Ano VIII - Nº 101 - Junho/2002












 

Identificada a neuroesquistossomose

A partir de análise comparativa entre portadores e não-portadores da esquistossomose, pesquisa identifica conseqüências neurológicas em pacientes afetados

Louisiana Lima

A esquistossomose pode afetar profundamente o nosso sistema nervoso, causando um déficit cognitivo, quando atinge o encéfalo, ou paralisia, quando afeta a medula. Isso ocorre quando o parasita alcança também as células do sistema nervoso. A confirmação da chamada neuroesquistossomose deve-se a uma pesquisa feita pela neurologista Keyla Fontes para a sua tese de doutorado no Centro de Ciências da Saúde (CCS) e Centro de Ciências Biológicas (CCB), da UFPE.

A constatação decorreu da avaliação de jovens tratados de esquistossomose mansônica hepatoesplênica na infância (forma grave da doença que atinge o fígado e o baço, com indicação de tratamento clínico e cirúrgico). A doença é causada por um verme denominado Schistosoma mansoni, que tem a água como meio de transmissão. O parasita apresenta um ciclo vital duplo: no homem, em cujos vasos sangüíneos vive sua fase adulta, e em caramujos, onde se apresenta na sua fase larvar.

A presença de queixas nos jovens esquistossomóticos relacionadas ao encéfalo, como dificuldade de aprendizagem e cefaléia, muito mais freqüentes que na população em geral, determinou a avaliação neurológica e cognitiva dos pacientes. Também se avaliou o metabolismo dos lipídios, componentes básicos do sistema nervoso. O resultado da pesquisa demonstrou que os jovens pacientes submetidos a tratamento clínico e cirúrgico de esquistossomose mansônica hepatoesplênica na infância apresentavam significativo déficit de cognição com diferença média de 6 anos entre sua idade cronológica e idade mental, enquanto o metabolismo lipídico demonstrava tendência à normalização.

A comparação com o grupo de controle (pessoas da mesma origem socioeconômica e de área endêmica e que não têm a doença) mostrou que os não-portadores de esquistossomose também tinham uma baixa cognitiva, mas, no caso deles, devido à subnutrição.

Para comprovar a neuroesquistossomose como causa do comprometimento intelectual do paciente, foi feito um exame cefalorraquidiano, incluindo testes imunológicos, com resultados positivos significativos. A neuroesquistossomose pode ocorrer no encéfalo e na medula espinhal. Quando a doença atinge a medula espinhal é amplamente sintomática, o paciente apresenta paralisias evidentes e, por isso, é diagnosticada com relativa facilidade. Já as alterações cognitivas decorrentes da forma encefálica da doença não eram consideradas porque os sintomas eram atribuídos à desnutrição, comum em pessoas com baixa condição socioeconômica. Ocorre uma superposição que se tornou evidente ao serem comparados os grupos de pacientes e de controle.

Segundo Keyla Fontes, a grande importância da pesquisa foi detectar que existem alterações decorrentes da esquistossomose no encéfalo. "É importante ressaltar que esse déficit cognitivo, seqüela da doença, se apresenta em grau moderado ou leve - não é intenso como a síndrome de Down, por exemplo - mas pode limitar gravemente a futura inserção profissional do paciente".

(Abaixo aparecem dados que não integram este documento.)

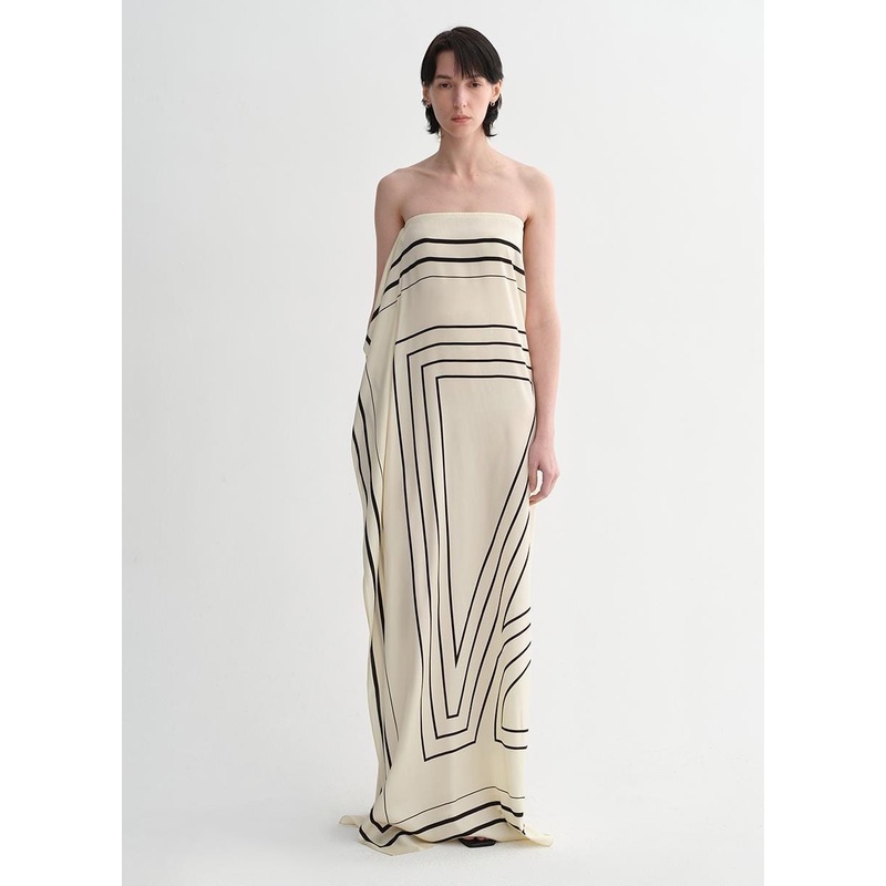 This product is made of high-quality natural mulberry silk blended with elastic spandex fibers. It’s skin-friendly, delicate, lustrous and stretchy. Designed in the shape of a silk scarf wrap, it features a bandeau style with natural vertical pleats on one side, presenting a relaxed, elegant, simple and casual look. It’s light and agile, decorated with contrasting striped prints. In the shape of a silk scarf bandeau, it showcases an elegant, confident and fashionable style.

Técnicas ajudam tratamento

A esplenectomia - retirada do baço - é aplicada pelo professor Carlos Brandt, do Mestrado em Cirurgia do CCS, em pacientes esquistossomóticos. Porém, como o baço é um órgão que produz células para o sistema imunológico, os pacientes cirurgiados morriam pouco depois de se recuperarem. Sendo assim, o professor Brandt aplicou uma técnica que consiste em recolocar no organismo fragmentos de baço, que acabam fazendo praticamente a função do órgão inteiro, o que se chama de hipereplenose. O resultado da cirurgia é que a sobrevida desses pacientes pode chegar a até dez anos.

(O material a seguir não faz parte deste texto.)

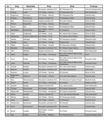 lp Imię Nazwisko Kraj Klub Funkcja 1 Mark Krawczynski Nie jestem członkiem ICC RC Warszawa City Członek Zarządu klubu 2 Andrzej Ludek ICC Polska – Niemcy RC Warszawa City Past Gubernator 3 Eugeniusz Gorczyca ICC Polska – Niemcy RC Warszawa City Członek klubu 4 Elżbieta Nowikiewicz Wybierz Komitet ICC RC Bydgoszcz Brda Członek klubu 5 Ewa Radomińska Wybierz Komitet ICC RC Łódź Centrum Oficer D-2230 6 Roman Rogoziński ICC Polska – Niemcy RC Szczecin Członek klubu 7 Hanka Rak ICC Polska – Niemcy RC Bydgoszcz Brda Członek klubu 8 ZBIGNIEW ROGOWSKI ICC Polska – Czech i Słowacja RC Katowice Oficer D-2230 9 Adam Czajkowski ICC Polska – Izrael RC Jelenia Góra-Cieplice Oficer D-2230 10 Małgorzata Pryjma-Czajkowska ICC Polska – Izrael RC Jelenia Góra-Cieplice Oficer D-2230 11 Izabela Olesiejuk ICC Polska – Izrael RC Warszawa Józefów Sekretarz klubu 12 Genello Jerzy ICC Polska – Francja Wybierz klub Członek klubu 13 Witold Szykula ICC Polska – Ukraina RC Warszawa Józefów Członek klubu 14 Boleslaw Kosciukiewicz Nie jestem członkiem ICC RC Gdańsk Sopot Gdynia Członek klubu 15 JAN WRANA Wybierz Komitet ICC RC Krakow Wawel Past Gubernator 16 Albert Czajka ICC Polska – Chorwacja RC Lublin Centrum Maria Curie Skłodowska CICO 17 Jerzy Kargol ICC Polska – Francja RC Lublin Centrum Maria Curie Skłodowska Prezydent Elekt 18 Jacek Woźniak ICC Polska – Szwajcaria RC Lublin Centrum Maria Curie Skłodowska Prezydent klubu 19 Andrzej Boublej Nie jestem członkiem ICC RC Lublin Stare Miasto Członek klubu 20 Barbara Pawlisz Nie jestem członkiem ICC RC Sopot International Gubernator 21 Ryszard Łuczyn ICC Polska – Ukraina RC Zamość Oficer D-2230 22 Małgorzata Julia Willaume ICC Polska – Ukraina RC Lublin Stare Miasto Członek klubu 23 Ewa Wierzchowska Nie jestem członkiem ICC RC Warszawa Fryderyk Chopin Skarbnik klubu 24 Marian Demel ICC Polska – Chorwacja RC Kraków Wybierz funkcję 25 Guenter Koenig Wybierz Komitet ICC Inny: Nazwa klubu... Past Gubernator 26 Tomasz Wyrozumski ICC Polska – Szwajcaria RC Kraków Wyspiański Oficer D-2230 27 Małgorzata Radziejowska ICC Polska – Szwajcaria RC Kraków Wyspiański Członek klubu 28 Gianni Jandolo Wybierz Komitet ICC Inny: San Donato Milanese Past Gubernator 29 Roland Sprung ICC Polska – Niemcy RC Warszawa Goethe Skarbnik klubu 30 adam Sadecki ICC Polska – Ukraina RC Rzeszów Skarbnik klubu 31 Włodzimierz Bentkowski Nie jestem członkiem ICC RC Zamość Członek klubu 32 Anna Kaczmarczyk Nie jestem członkiem ICC RC Zamość Członek klubu 33 Marek Cydejko ICC Polska – Czech i Słowacja RC Chełm Prezydent klubu 34 Alex Kartsel ICC Polska – Białoruś RC Warszawa City Członek Zarządu klubu

Já o professor César Augusto Leal, do Departamento de Bioquímica, avaliou a atividade da enzima LCAT, que participa do metabolismo dos lipídios, em pacientes cirurgiados. Na esquistossomose, essa enzima tem a sua atividade deficiente, o que acarreta um comprometimento de todo o metabolismo lipídico, ocasionando uma alteração nos níveis de colesterol e triglicerídeos, por exemplo. O professor César agora está trabalhando na produção de um teste à base de anticorpos contra a LCAT que servirá não apenas para diagnosticar a esquistossomose, como também para verificar o estágio da doença.